Home Garden

How to Make Rafters for a Shed

Making rafters for a shed is a pretty straightforward and simple task. It requires only a couple of common tools, a few key dimensions and some very basic carpentry skills. If you can measure distances and use a circular saw, you can do this job yourself. Installing rafters may require help, but laying them out and cutting them can be done by one person. The key decision is the type of shed roof.
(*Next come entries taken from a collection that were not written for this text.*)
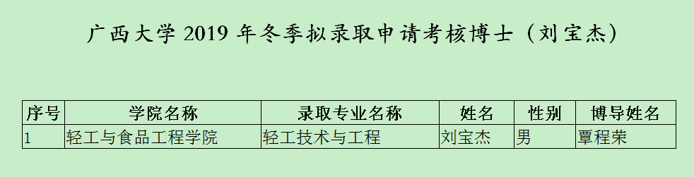 经学校审核,beat365手机版官网入口拟录取刘宝杰为2019年冬季批次申请考核博士,现予以公示,公示期3天。在公示期内如对拟录取名单有异议,请以书面形式,并署真实姓名和联系方式,于公示日结束前送(寄)至研究生院,联系电话:0771-3232142,电子邮箱:liuyist@163.com。群众如实反映意见受法律保护。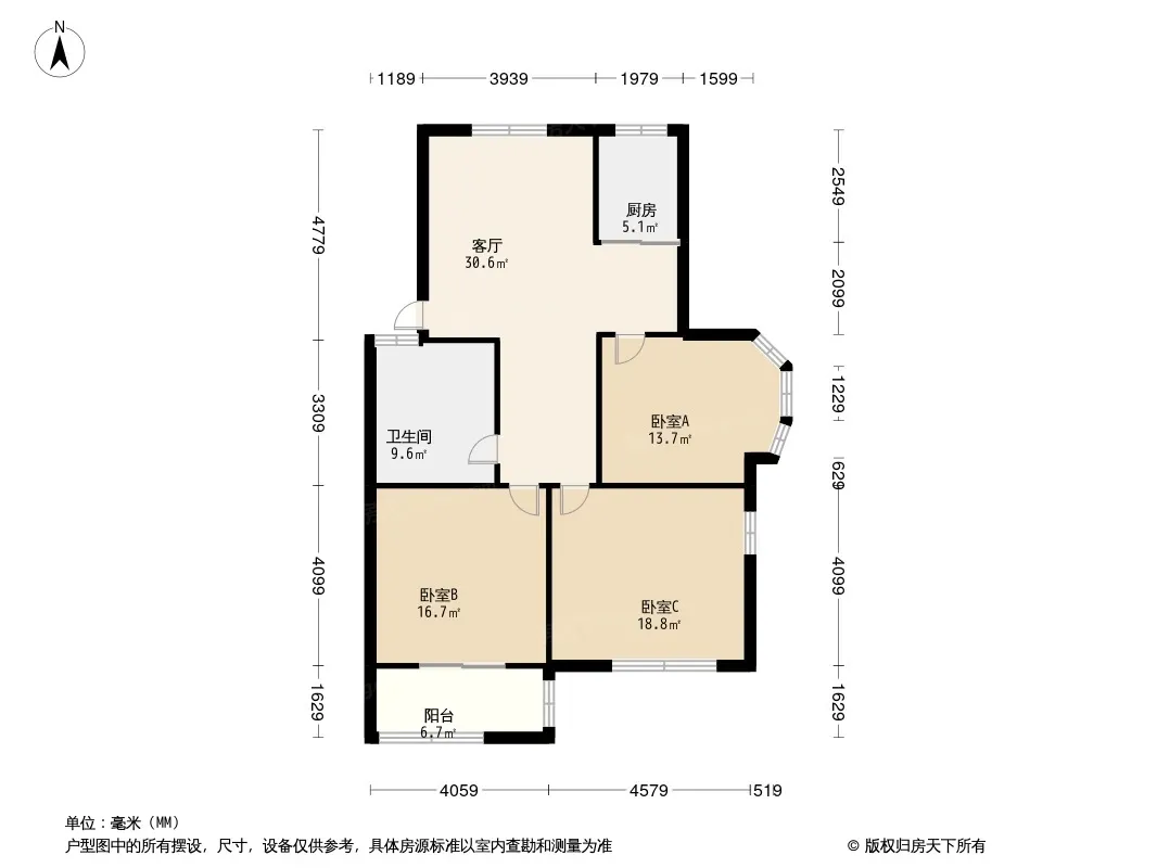 户型齐全,主打户型方正,明卫,明厨,客厅朝南,全明格局三居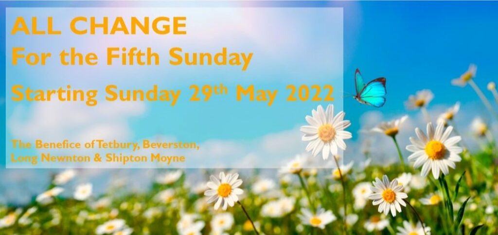 Share in our new pattern of Benefice Worship for 5th Sundays Sunday 29th May: The Ascension 8.30am Benefice BCP Holy Communion at St Marys’ Tetbury followed by 10am Benefice Worship…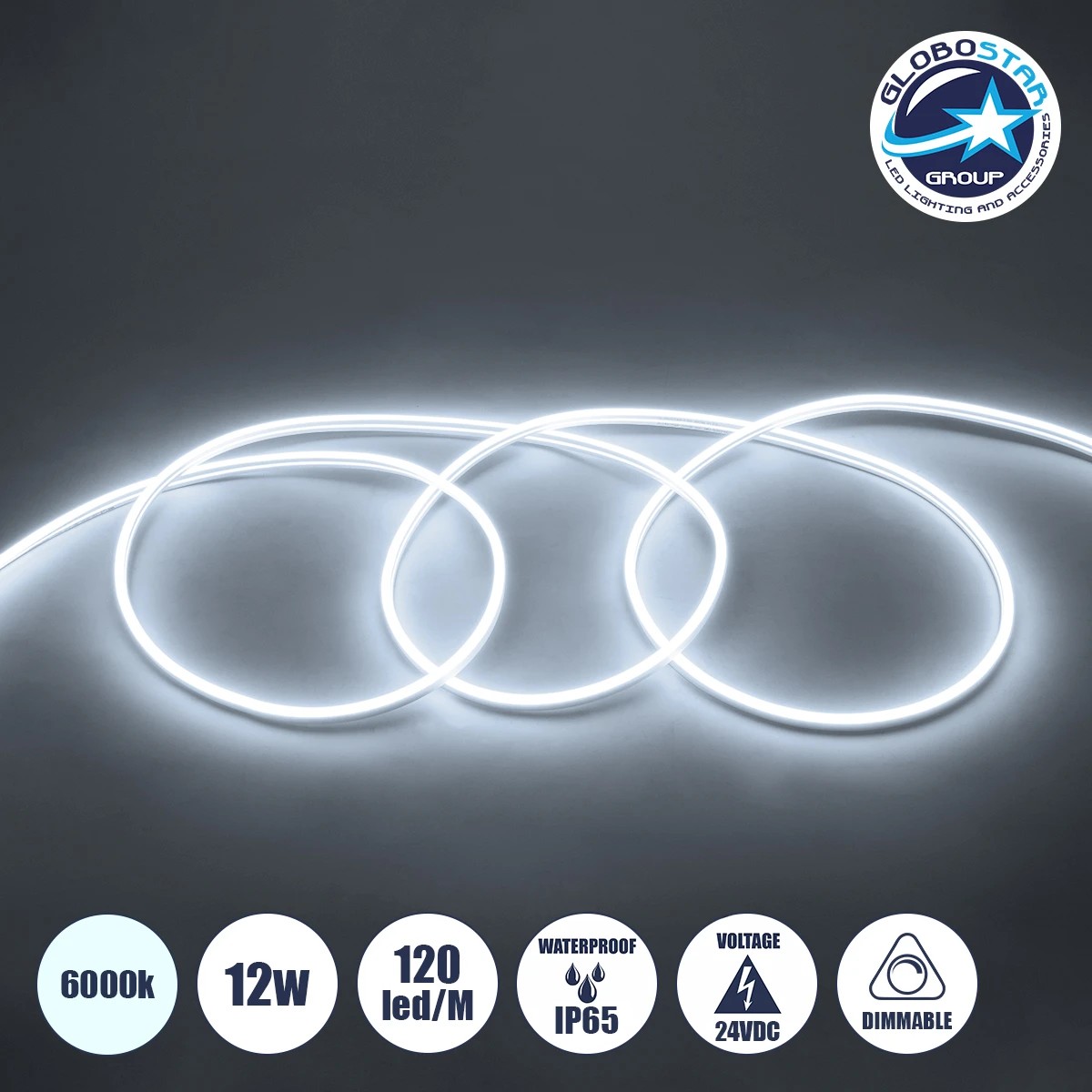 70560 OVALE 120° Degree Neon Flex Epistar LED SMD 2835 1m 12W/m 120LED/m 1320lm/m 120° DC 24V Αδιάβροχη IP68 Ψυχρό Λευκό 6000K Dimmable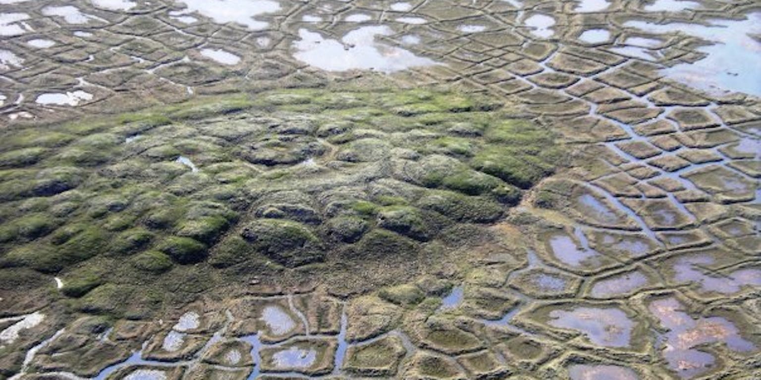 Pingo met ijswigpolygonen in Canada. De meertjes tussen de ijswiggen zijn gevuld met water uit de ontdooide permafrostlaag. Ook deze verschijnselen waren in ons land tijdens de ijstijden geen uitzondering. Nu herinneren pingoruïnes en met met zand en klei opgevulde ijswiggen nog aan die tijd.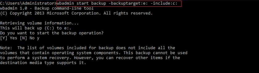 Wbadmin start backup -backuptarget:e: -include:c:Wbadmin start backup: Run a backup.

A basic shed roof that slants only one direction is simplest, but a gable with a peak and slopes on both sides is most common.

Things You'll Need

  • Tape measure
  • 2-by-4-inch rafter boards
  • Framing square
  • Pencil
  • Circular saw
Show More

Instructions

    • 1

      Get the width and length of the shed. Measure the shed with a tape measure or use a building plan. The width determines the span of rafters from wall to wall; half that distance is the rafter run, the key dimension and the space each rafter must cover from peak to wall. The length will determine the number of rafters needed.

    • 2

      Decide on a pitch or slope. If you're building a shed yourself, you can set your own pitch. Most shed roofs will be 4/12 or 5/12, sloping up 4 or 5 inches per foot from wall to peak. Use a low pitch for an average shed, a higher pitch for one that requires more inside space or is in an area of heavy snow accumulations.

    • 3

      Mark a pattern rafter with a 2-by-4-inch board longer than the run. A 10-foot wide shed will have a run of 5 feet, so start with an 8-foot board, which is a standard length. Put the point or heel of a framing square at the bottom of one end of the board, laid flat with the 4-inch face up. Align the pitch mark (4 in this example) on the thin tongue of the square and the 12-inch mark on the wide blade at the top of the board. That forms an angle along the tongue called the top or plumb cut.

    • 4

      Calculate the length of rafter needed from the top line of the table on the blade of the square, marked "length of common rafter per foot of run." Look under the pitch mark (4); it will show 12.65, so each rafter must be 12.65 inches for every foot of run. Multiply that by the run -- for a 5-foot run that equals 63.25, meaning a rafter must be 63 1/4 inches from the peak to the wall.

    • 5

      Measure that length on the bottom of the board from the bottom of the plumb cut and mark the spot. Measure 1-inch up into the board at that point, then measure 3 1/2 inches from the first point back toward the plumb cut. Draw a line between the two marks to make a triangle for a notch, called a birdsmouth, to fit exactly over the cap board on the wall.

    • 6

      Add any length desired for an overhang or eave on the sides of the shed, typically 12 inches. That makes the total rafter length 75.5 inches. Now make a decision. If you want a ridge board atop the rafters to make a peak, go back to the plumb cut and take off another 3/4-inch to make space for the ridge. If you just want the rafters to join for a peak, use metal gusset plates to secure them at the top and add collar ties, 2-by-4 horizontal braces between the two rafters just below the peak.

    • 7

      Cut all the angles on the pattern with a circular saw. Put the pattern on the wall cap to make sure the birdsmouth is tight and the plumb cut is at the center of the roof. Use that rafter as a pattern for all others. Divide the length of the shed in feet by two to get the number of rafters needed; for a typical 12-foot-long roof that would be six pairs of rafters plus a set for the far end.